Hacia los más abandonados
Mientras espera la decisión sobre ese nuevo apostolado, el padre Beyzym multiplica catecismos y ejercicios espirituales. Su sensibilidad hacia el honor que se rinde a Jesús en la Eucaristía le mueve a dorar el altar y el sagrario de la capilla. Pero su salud se debilita, ya que sufre de arteriosclerosis y tiene el cuerpo cubierto de llagas. Un día, vencido por violentos sufrimientos, debe quedarse en cama. Un religioso sacerdote, que ha contraído la lepra al servicio de los leprosos y que morirá también nueve días más tarde, acude a administrarle los últimos sacramentos. Finalmente, el 2 de octubre de 1912, el padre Beyzym entrega su alma a Dios. Su muerte se debe, con toda probabilidad, al agotamiento, y no a la lepra.
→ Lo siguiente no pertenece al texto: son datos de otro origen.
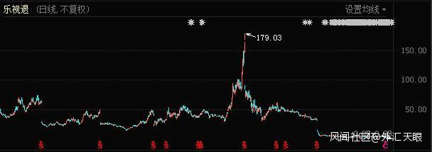 業務的成功讓樂視網股價一路上漲,2015年5月12日達到歷史最高點179.03元。

«Pero Dios, rico en misericordia, por el grande amor con que nos amó, estando muertos a causa de nuestros delitos, nos dio vida juntamente con Cristo (Ef 2, 4-5)« La Iglesia desea anunciar incansablemente ese mensaje« El deseo de aportar misericordia a los más indigentes llevó al beato Jan Beyzym, jesuita y gran misionero, hasta la lejana isla de Madagascar, donde, por amor de Cristo, consagró su vida a los leprosos« La obra caritativa del beato estaba inscrita en su misión fundamental, que era llevar el Evangelio a quienes no lo conocen. Ese es el mayor don de la misericordia: conducir a los hombres a Cristo» (Juan Pablo II, Homilía de la beatificación de Jan Beyzym, 18 de agosto de 2002). Si bien son pocas las personas llamadas a servir a los leprosos, todos debemos dar testimonio concreto de la misericordia de Dios. Para ello «es necesaria una «imaginación de la caridad» continúa diciendo el Papa; que no falte el espíritu de iniciativa allí donde una persona suplique en la necesidad: Danos hoy el pan nuestro de cada día. Gracias al amor fraterno, que nunca falte ese pan. Bienaventurados los misericordiosos, porque ellos alcanzarán misericordia (Mt 5, 7)».
Pidamos a la Santísima Virgen María que haga de nosotros, siguiendo al beato Jan Beyzym, misioneros de la misericordia de Dios en el mundo contemporáneo.